Prophecy: a Thriller by S. J. Parris (Find in our catalog) Having read Heresy by S. J. Parris, I could not wait to read more about renegade monk and philosopher turned spy Giordano Bruno. Sure enough, Bruno turns up again in Prophecy, this time not in Oxford University but as visiting scholar and favorite in the household of the French Ambassador to the Court of Elizabeth I. If you liked the Brother Cadfael mysteries of Ellis Peters or Umberto Eco’s The Name of the Rose, for all sorts of reasons you will probably like Prophecy. While it is true that these books could be said to fall into three different genres, all three authors have a monk as protagonist - a monk who is a renegade in some way and extremely gifted at seeing the significance in small details. All three men understand human nature only too well, though Bruno is prone to make assumptions and emotional judgments about people, and this provides a lot of the tension in the story. In all these books the plotting is subtle and the writing excellent, and in two of the books the occult features very strongly.
Bruno, like Brother Cadfael, is a very sympathetic character. Both are exiled from home, Cadfael from Wales, Bruno more violently from Italy. He has fallen foul of the Inquisition because of the book he has published on the infinite nature of the Universe. Devoting himself to the pursuit of knowledge, the price Bruno has paid is high. He is lonely, having only one friend, Philip Sidney. Through Sidney he has become an agent of the spymaster, Walsingham. Thus more tension is set up when Bruno is asked to spy on his host and patron in an effort to discover the details of an invasion plot involving the French, the Spanish and the imprisoned Mary Queen of Scots. Bruno is conflicted because of his loyalties to the French Ambassador and his loyalties to England, the country in which he feels free to pursue his philosophical researches.
In fact, this progressive-seeming intellectual freedom is becoming more and more of an illusion. It is the year of the Great Conjunction, when Jupiter and Saturn align – an astrological phenomenon that occurs once every thousand years is said to signal the end of an age. The streets of London are abuzz with horrific predictions of events to come. Pamphlets predict the end of Elizabeth. It is death to be found reading them, let alone to print them. Bruno must be careful that his enemies do not use his association with the royal astrologer, John Dee to destroy him. Superstition and fear are closing people’s minds, science is viewed as magic, and the state is starting to clamp down on all freedoms in the name of stability. Bruno and many others have to ask how much they can turn a blind eye to draconian actions of the state when state security is threatened. Elizabeth herself is finding it harder to protect John Dee from church and state, especially when two of her court ladies are found murdered in the royal palace with astrological symbols cut into their skin. Rumors of black magic abound, but Elizabeth refuses to believe the killer could be someone in her own court. Walsingham would like Bruno to find proof of this, as well as solid evidence of the invasion plot, so that he can convince his Queen to move against the enemies of England including Mary Stuart. Bruno is convinced that the plot and the murders are somehow interrelated.

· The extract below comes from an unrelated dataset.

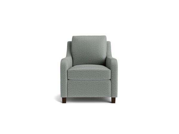 Leather lay-flat manual recliner with track arms, channeled headrest, and tapered wood legs for a clean accent-chair look. Optional tall back and power, USB port, and 30 in. W x 40 in. D x 42 in. H.
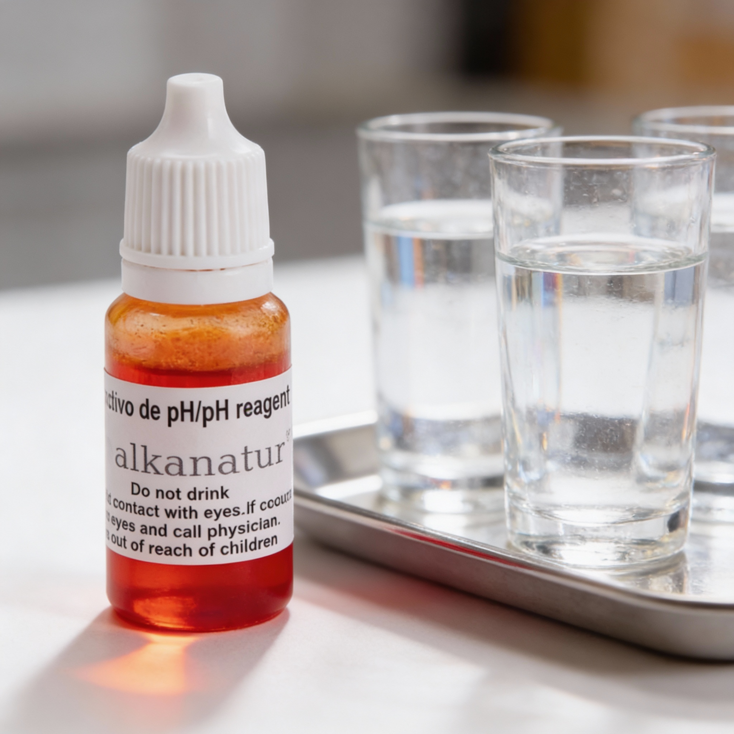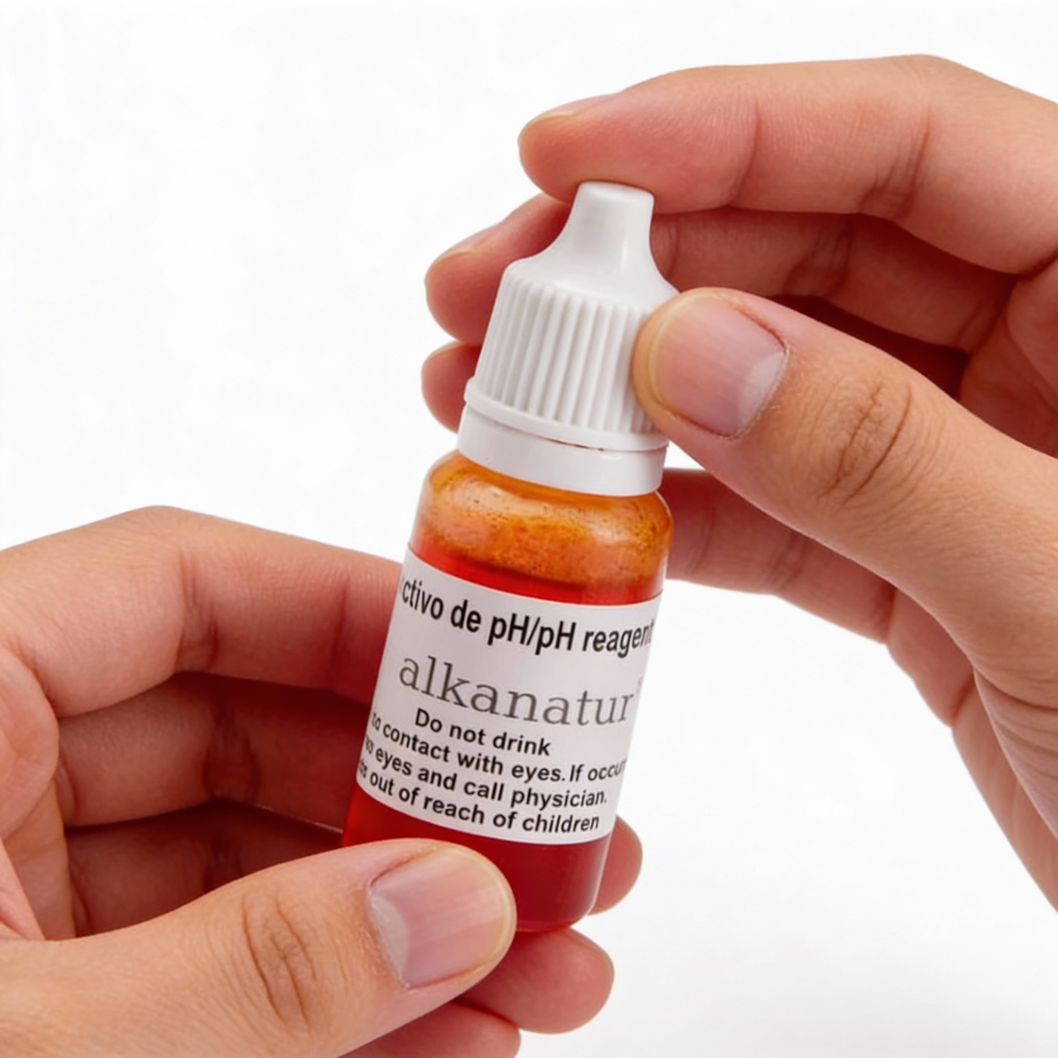 Identifica el pH de cualquier líquido de un modo seguro fácil y rápido. Solamente tienes que introducir 3 ó 4 gotas en unos 10ml del líquido a medir, al instante el color del reactivo cambiará. Compara el color con la escala graduada incluida en el libro de instrucciones podrás saber el pH de sus líquidos.

This is an historical thriller, not a cozy mystery, so that Bruno’s life is in jeopardy many times as he plays his dangerous double game. There is plenty of action as Bruno tracks his quarry and evades capture and death himself. As the publisher’s blurb says, “Just as in Heresy, S. J. Parris’ gorgeous writing and remarkable sense of place fully transport the reader.” This is an “utterly gripping” novel!